Train the LLM with the chunks generated earlier using the following command.

d3x fm tune model finetune -j <name of finetuning job> -e <number of epochs> -b <batch size> -l <training chunks folder path> -o <output folder path> -c <CPU> -m <memory> -g <GPU> -t <instance type> -n <name of model to be finetuned> --ctx-len <context length>

d3x fm tune model finetune -j llama27bfinetune -e 1 -b 20 -l ${HOMEDIR}/chunks_for_finetuning -o ${HOMEDIR}/ft-output/ -c 8 -m 64 -g 1 -t a10 -n meta-llama/Llama-2-7b-chat-hf --ctx-len 512

Note

In case of setups brought up on a Rancher cluster, the -t or --type option in this command denotes the node or instance type which you have provided in the Installing DKubeX section.

Attention

The time taken by the finetuning process depends on the size of the dataset. Please wait patiently for the process to complete.
In case the terminal shows a timed-out error, that means the finetuning is still in progress, and you will need to run the command provided on the CLI after the error message to continue to get the finetuning logs.

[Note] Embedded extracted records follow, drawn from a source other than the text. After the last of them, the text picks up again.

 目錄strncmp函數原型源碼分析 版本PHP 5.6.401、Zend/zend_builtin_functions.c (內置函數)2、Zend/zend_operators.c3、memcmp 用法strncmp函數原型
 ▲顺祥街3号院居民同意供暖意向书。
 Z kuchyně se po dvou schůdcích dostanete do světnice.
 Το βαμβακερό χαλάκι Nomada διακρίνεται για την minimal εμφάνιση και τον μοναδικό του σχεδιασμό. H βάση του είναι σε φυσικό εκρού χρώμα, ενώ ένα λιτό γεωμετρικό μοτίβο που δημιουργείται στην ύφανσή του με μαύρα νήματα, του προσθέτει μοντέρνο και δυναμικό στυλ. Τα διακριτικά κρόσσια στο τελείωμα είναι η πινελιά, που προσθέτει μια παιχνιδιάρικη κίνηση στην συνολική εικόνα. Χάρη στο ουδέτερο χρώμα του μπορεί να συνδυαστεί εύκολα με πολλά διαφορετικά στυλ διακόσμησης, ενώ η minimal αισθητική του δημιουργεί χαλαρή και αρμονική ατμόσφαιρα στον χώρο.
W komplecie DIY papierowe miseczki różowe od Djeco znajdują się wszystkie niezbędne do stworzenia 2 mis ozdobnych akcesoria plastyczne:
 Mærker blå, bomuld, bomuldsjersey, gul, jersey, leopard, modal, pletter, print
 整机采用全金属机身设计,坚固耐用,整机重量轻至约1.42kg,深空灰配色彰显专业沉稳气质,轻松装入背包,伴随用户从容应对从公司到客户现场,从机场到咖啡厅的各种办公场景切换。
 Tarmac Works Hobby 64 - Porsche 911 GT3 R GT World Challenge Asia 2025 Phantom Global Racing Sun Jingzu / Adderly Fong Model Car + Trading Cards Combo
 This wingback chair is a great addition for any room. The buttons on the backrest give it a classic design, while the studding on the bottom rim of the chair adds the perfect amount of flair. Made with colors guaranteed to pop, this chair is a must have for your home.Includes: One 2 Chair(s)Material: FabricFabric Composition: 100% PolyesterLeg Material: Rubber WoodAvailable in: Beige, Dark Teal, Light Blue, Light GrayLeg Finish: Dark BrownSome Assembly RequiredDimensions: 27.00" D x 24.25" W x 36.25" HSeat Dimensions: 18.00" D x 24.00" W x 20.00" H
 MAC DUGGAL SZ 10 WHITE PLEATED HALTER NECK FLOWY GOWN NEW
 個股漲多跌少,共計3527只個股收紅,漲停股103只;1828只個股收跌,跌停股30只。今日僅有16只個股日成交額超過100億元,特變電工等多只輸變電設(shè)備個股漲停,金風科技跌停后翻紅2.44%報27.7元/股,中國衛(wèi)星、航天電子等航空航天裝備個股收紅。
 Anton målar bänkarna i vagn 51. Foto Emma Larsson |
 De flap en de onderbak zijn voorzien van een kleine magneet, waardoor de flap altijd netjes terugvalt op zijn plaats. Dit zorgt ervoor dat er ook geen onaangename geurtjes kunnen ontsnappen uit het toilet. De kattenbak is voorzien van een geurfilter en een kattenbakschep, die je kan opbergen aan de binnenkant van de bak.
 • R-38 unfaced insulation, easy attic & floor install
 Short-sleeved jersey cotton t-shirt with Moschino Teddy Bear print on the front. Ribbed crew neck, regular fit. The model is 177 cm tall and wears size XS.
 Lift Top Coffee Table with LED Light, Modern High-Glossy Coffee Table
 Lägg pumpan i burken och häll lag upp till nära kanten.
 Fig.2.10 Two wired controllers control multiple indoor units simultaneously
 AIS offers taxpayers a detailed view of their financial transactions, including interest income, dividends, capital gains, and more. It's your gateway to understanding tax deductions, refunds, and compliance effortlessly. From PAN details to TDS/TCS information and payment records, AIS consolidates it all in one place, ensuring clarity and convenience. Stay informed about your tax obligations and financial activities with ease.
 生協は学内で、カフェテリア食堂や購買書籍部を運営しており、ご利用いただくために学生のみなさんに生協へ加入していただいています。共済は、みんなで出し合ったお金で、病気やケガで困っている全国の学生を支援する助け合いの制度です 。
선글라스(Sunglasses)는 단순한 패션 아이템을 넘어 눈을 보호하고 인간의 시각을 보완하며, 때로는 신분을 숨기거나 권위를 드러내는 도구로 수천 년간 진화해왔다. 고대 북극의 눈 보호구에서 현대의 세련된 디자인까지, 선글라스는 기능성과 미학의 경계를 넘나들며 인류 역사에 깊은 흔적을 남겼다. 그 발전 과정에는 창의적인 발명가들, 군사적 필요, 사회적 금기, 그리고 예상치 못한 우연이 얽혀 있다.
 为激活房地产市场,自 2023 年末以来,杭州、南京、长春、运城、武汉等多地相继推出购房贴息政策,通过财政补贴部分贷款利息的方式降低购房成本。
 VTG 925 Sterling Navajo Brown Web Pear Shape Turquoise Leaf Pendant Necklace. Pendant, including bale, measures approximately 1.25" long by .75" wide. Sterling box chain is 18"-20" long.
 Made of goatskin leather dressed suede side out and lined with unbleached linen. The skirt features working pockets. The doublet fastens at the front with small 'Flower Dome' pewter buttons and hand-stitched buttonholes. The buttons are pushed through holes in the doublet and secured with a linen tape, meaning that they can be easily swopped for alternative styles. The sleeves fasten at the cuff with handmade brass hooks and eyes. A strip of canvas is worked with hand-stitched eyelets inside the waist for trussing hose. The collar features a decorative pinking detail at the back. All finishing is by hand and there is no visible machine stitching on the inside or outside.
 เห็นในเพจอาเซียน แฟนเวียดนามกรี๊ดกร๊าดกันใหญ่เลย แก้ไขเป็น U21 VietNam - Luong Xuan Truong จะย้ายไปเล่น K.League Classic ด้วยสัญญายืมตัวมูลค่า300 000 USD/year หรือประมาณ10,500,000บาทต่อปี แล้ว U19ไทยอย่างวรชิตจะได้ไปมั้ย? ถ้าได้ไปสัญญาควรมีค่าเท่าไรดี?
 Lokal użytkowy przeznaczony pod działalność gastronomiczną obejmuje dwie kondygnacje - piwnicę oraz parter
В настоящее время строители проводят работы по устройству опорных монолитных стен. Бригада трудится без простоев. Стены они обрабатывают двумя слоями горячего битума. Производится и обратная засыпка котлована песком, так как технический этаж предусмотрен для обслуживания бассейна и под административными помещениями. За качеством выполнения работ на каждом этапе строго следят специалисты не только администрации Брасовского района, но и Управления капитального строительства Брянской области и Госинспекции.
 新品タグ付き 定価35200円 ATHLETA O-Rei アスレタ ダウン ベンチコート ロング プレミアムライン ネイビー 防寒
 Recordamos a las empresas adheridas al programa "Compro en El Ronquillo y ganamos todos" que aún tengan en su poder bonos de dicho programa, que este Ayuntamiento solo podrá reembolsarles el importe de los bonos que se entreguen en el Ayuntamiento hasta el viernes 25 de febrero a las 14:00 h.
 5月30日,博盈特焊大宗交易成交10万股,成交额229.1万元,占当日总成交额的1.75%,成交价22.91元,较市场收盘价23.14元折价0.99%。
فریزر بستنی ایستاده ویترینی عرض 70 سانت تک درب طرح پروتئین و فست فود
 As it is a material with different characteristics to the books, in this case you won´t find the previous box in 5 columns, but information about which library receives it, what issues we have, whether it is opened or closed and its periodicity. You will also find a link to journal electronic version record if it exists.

You will need the absolute path to the finetuned model checkpoint to merge the finetuned model with the base model. Use the following command to get the absolute path to the finetuned model checkpoint. Replace <model_name> with the full name of the model being finetuned.
echo ${HOME}/<output folder path for finetuned model>/<model_name>/TorchTrainer_*/TorchTrainer_*/checkpoint*/
echo ${HOME}/ft-output/meta-llama--Llama-2-7b-chat-hf/TorchTrainer_*/TorchTrainer_*/checkpoint*/
- Export the absolute path to the finetuned model checkpoint to be used during the merge process with the following command. export the <checkpoint absolute path> part with the absolute path to the finetuned model checkpoint you got in the previous step.
```
export CHECKPOINT="<checkpoint absolute path>"
```

Merge the finetuned model checkpoint with the base model to create the final finetuned model using the following command:

d3x fm tune model merge -j <merge job name> -n <full HF path to the base model> -cp <absolute path to the finetuned checkpoint> -o <absolute path to merged finetuned model output folder>

d3x fm tune model merge -j llama27bmerge -n meta-llama/Llama-2-7b-chat-hf -cp ${CHECKPOINT} -o ${HOMEDIR}/merge_output -t a10

To quantize the finetuned model, use the following command:
d3x fm tune model quantize -j <quantization job name> -p <absolute path to merged finetuned model> -o <absolute path to quantized model output folder>
d3x fm tune model quantize -j llama27bquantize -p ${HOMEDIR}/merge_output/ -o ${HOMEDIR}/quantize_result -t a10
Attention
- The time taken by the quantization process depends on the size of the dataset. Please wait patiently for the process to complete.
- In case the terminal shows a timed-out error, that means the quantization is still in progress, and you will need to run the command provided on the CLI after the error message to continue to get the quantization logs.